Today, Professor Mary McAleese, the former President of Ireland the first born and raised in northern Ireland will passionately urge voters to keep Britain in the European Union. This will doubtless unleash howls of protest from the Brexiteers but she firmly believes that, since both the UK and Ireland joined on the same day in 1973, British influence in Brussels has helped to create a better, more open and more liberalised Europe – which has helped Ireland to prosper and brought years of suspicion and violence in our two countries to an end.
Her family was forced to leave Belfast when The Troubles broke out. So, she and the Irish Government sees a relationship once called ‘sour and edgy’ now closer than since 1922. But this closeness has taken place in the context of both countries’ membership of the European Union. And the real consequences of Brexit on UK-Irish relations have been largely disregarded in this referendum so far.
Which is strange. The concerns of the 600,000 Irish-born who live in Britain and the 300,000 British-born who live in Ireland are legitimate, well-founded and should not be ignored. They involve the economy, trade, immigration controls, the hardening of the land border, security, the weakening over time of the excellent current relationship between Ireland and the United Kingdom, the impact on the peace process and the impact on Europe of Britain's voice being absent from the EU table.
Vote Leave have been dismissive of how Brexit would change the way business, politics, security and border controls work today between our two countries. They have been quick to offer reassurances that nothing will change - that the huge volumes of trade between us which support 400000 jobs will continue exactly as before and that the current open road border between Northern Ireland and Ireland will continue.
Which is why Professor McAleese says that such reassurances are nothing more than wishful thinking at best and bluffing at worse.

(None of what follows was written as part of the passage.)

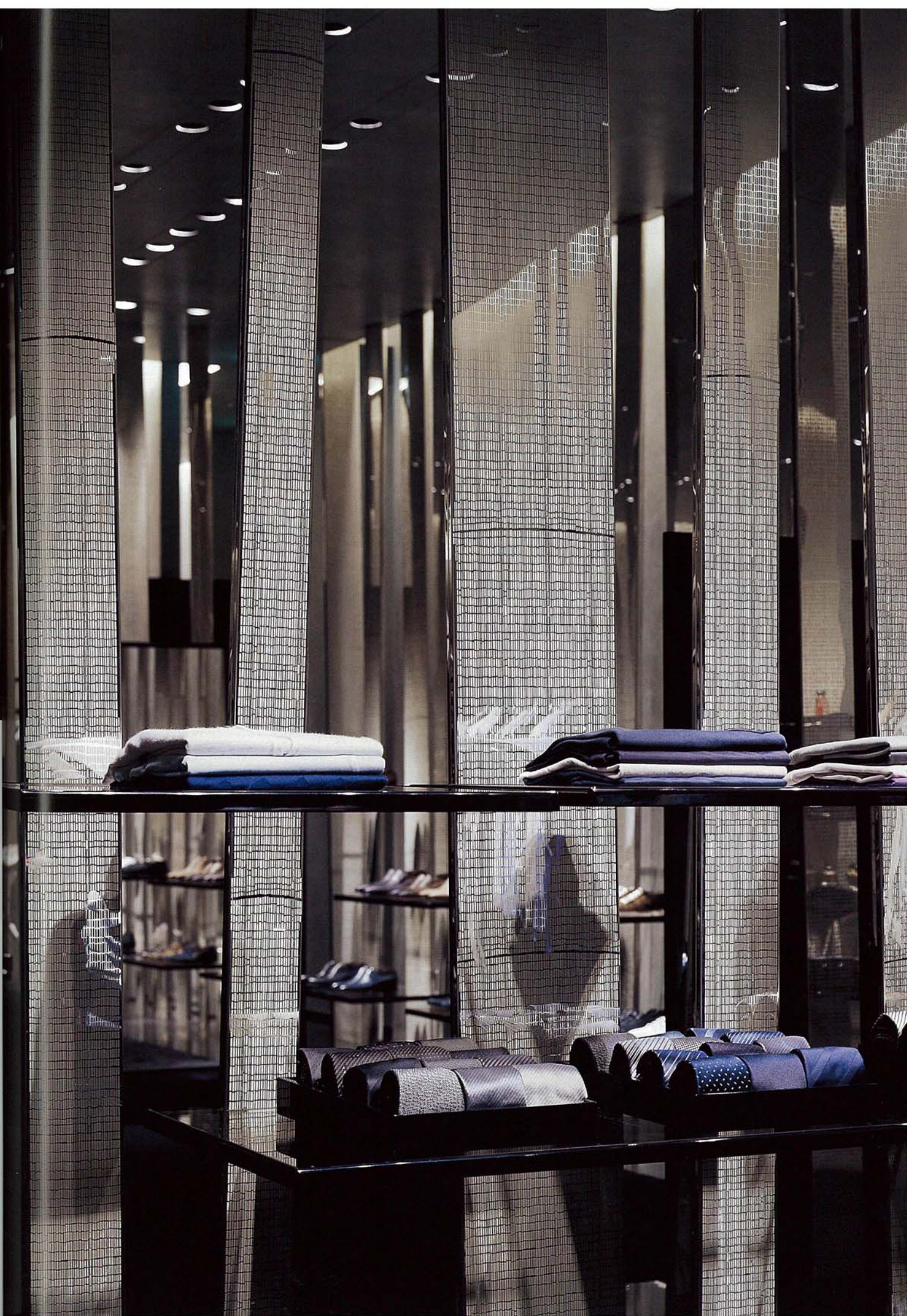
前頁/レディースエリア。“バンパー”スクリーン奥の壁面は、密に配したウォールウォッシャーが強く照らし出す。上/オーダーにも対応するメンズのVIPルーム。右/メインエントランスからメンズエリアを見る。バンパーの奥にも売り場が連続する。右頁/ステンレス鏡面仕上げのバンパーには、表面にシルクプリントが施されている。

The show won’t go on as normal in two main areas: first, the political impact on Northern Ireland, including the stability of the peace settlement with EU-funded programmes terminated and the relationship between communities (including faith communities) north and south. A Brexit vote decided on the issue of controlling immigration would mean the end of the free movement from Europe to Ireland and onward to the UK. This could imperil the Common Travel Area and require the reintroduction of border controls. Also ended would be the current extradition arrangements under the European Arrest Warrant making it harder for terrorist suspects to be moved from one jurisdiction to another.
Second, the economic impact on both countries generally arising from the UK’s absence from the EU in terms of the EU’s promotion of a pro-markets, competitive policy agenda and the loss of a counterweight to French and German influence. Collateral damage would spill over in to trade. The loss of the UK’s privileged access to the EU Single Market would hit hardest the businesses trading in Ireland, the rest of the EU and in those 60 countries with which the EU has free trade agreements.
And, not least, a fissure in Anglo-Irish relations will arise as Britain and Ireland would have chosen profoundly different paths without a guarantee that current relations would remain as they are.
Amongst today’s British politicians there are few who remember how bad relations were in the past, how much British (and Irish) politics were overshadowed by the Troubles and the poisoning effect they had on relations between the two countries. The role of the EU in rebuilding the Anglo-Irish relationship is a barely understood phenomenon within the UK political elite, let alone amongst the wider population.
There is a real danger that in the debate about Britain and the EU, the way the Anglo-Irish relationship has been helped by mutual membership, and how it could be hindered by the UK leaving the EU, will not be properly discussed. The report Mary McAleese is launching today - Brexit: the Irish Dimension - makes it clear that there is no pain-free exit when it comes to Ireland.